That was, until he picked up the scent of the human once more. His nose had thawed after that first attack, and he was able to catch a whiff of his quarry.
He was inside the cabin.
He strode forward, arriving at the door in moments. There, he tried to open it, and failed. Something barred it. He planted a kick, causing the wooden slab to bend inward, creaking ominously. A second one did the job: the wood splintered as the door fell inward.
He stepped inside and looked around him. The first thing he saw was a maw filled with yellow teeth, lunging at him.
The force of the impact made him lose his footing and he fell to the ground with his attacker in a tangle of limbs and gnashing teeth.
It was another ghoul. The attack had taken him back outside, and he was left to fight off the assault on the dead grass. He quickly recognized this creature’s scent as the same ghoul that had killed one of the two humans he’d been following. It must have tracked the boy here. Any other thoughts that might have come to him were put aside as the Ghoul focused entirely on the obstacle at hand.
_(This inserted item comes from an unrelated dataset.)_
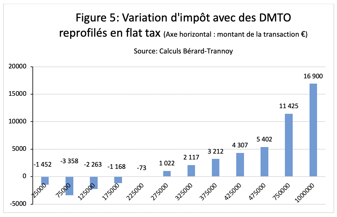 Le jugement sur l’opportunité de faire une telle réforme peut être altéré par plusieurs considérations. D’abord, on peut trouver que les montants épargnés pour de petites transactions sont trop faibles pour que le jeu en vaille la chandelle. Ensuite on peut arguer que beaucoup de transactions de faible montant portent sur des terrains et qu’en raison de la réforme, leur prix augmenterait d’autant, de telle sorte que la réforme serait captée par les vendeurs. Des effets de report entre le régime dérogatoire et le régime de droit commun peuvent être aussi suspectés. Bref, loin de nous de penser qu’il s’agirait d’une réforme idéale. Toutefois, le calibrage proposé est intéressant dans la mesure où il indique les limites de l’exercice de ce que l’on peut proposer à recettes fiscales constantes de droits de mutation pour rendre le système un peu moins désincitatif en termes de mobilité.

This knowledge that this undead had taken his prey only served to fuel the Ghoul’s wrath, and as he grappled with his attacker, he steadily gained the upper hand, deftly maneuvering the unthinking beast that only knew how to go for the throat. Once his hands were free, he used them to grip its head and twist, like he’d done with the undead from before. It appeared to be an effective method. The thing’s neck finally cracked, and it stilled, though it wasn’t dead. Its mouth opened and closed, still seeking the taste of blood.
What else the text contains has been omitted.